* Try it
All that is wanted is a word-for-word copy of the line with "Caixa Convite Casal" and every line after it in the data below.

* Input for this task
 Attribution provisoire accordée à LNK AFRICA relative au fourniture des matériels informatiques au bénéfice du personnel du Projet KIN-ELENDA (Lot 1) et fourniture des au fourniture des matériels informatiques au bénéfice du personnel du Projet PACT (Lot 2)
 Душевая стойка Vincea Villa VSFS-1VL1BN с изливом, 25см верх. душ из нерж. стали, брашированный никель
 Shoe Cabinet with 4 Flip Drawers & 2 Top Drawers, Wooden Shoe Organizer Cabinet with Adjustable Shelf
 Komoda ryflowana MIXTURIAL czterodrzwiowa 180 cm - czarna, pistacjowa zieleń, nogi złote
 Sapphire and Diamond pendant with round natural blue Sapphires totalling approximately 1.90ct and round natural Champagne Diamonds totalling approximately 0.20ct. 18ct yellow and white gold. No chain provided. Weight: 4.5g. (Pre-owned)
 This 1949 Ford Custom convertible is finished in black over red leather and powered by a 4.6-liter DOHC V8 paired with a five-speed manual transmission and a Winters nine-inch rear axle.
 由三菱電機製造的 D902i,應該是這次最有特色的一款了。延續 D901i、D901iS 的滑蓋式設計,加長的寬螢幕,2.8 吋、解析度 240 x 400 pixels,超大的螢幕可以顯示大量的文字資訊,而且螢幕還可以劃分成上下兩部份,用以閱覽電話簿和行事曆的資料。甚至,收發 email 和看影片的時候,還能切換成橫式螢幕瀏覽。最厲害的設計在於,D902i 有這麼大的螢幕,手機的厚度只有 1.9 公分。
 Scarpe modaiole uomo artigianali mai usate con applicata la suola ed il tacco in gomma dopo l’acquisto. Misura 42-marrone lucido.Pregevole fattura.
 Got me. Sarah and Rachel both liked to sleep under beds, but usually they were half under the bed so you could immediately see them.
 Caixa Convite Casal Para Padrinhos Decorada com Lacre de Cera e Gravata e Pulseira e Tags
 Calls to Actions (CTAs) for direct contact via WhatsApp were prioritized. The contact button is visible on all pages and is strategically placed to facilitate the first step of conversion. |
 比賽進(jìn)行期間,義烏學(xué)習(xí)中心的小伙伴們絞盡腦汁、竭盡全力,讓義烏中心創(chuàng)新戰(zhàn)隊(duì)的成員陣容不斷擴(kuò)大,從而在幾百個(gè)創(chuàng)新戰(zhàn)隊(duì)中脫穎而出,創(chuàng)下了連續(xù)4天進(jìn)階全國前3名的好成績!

* Exercise result
 Caixa Convite Casal Para Padrinhos Decorada com Lacre de Cera e Gravata e Pulseira e Tags
 Calls to Actions (CTAs) for direct contact via WhatsApp were prioritized. The contact button is visible on all pages and is strategically placed to facilitate the first step of conversion. |
 比賽進(jìn)行期間,義烏學(xué)習(xí)中心的小伙伴們絞盡腦汁、竭盡全力,讓義烏中心創(chuàng)新戰(zhàn)隊(duì)的成員陣容不斷擴(kuò)大,從而在幾百個(gè)創(chuàng)新戰(zhàn)隊(duì)中脫穎而出,創(chuàng)下了連續(xù)4天進(jìn)階全國前3名的好成績!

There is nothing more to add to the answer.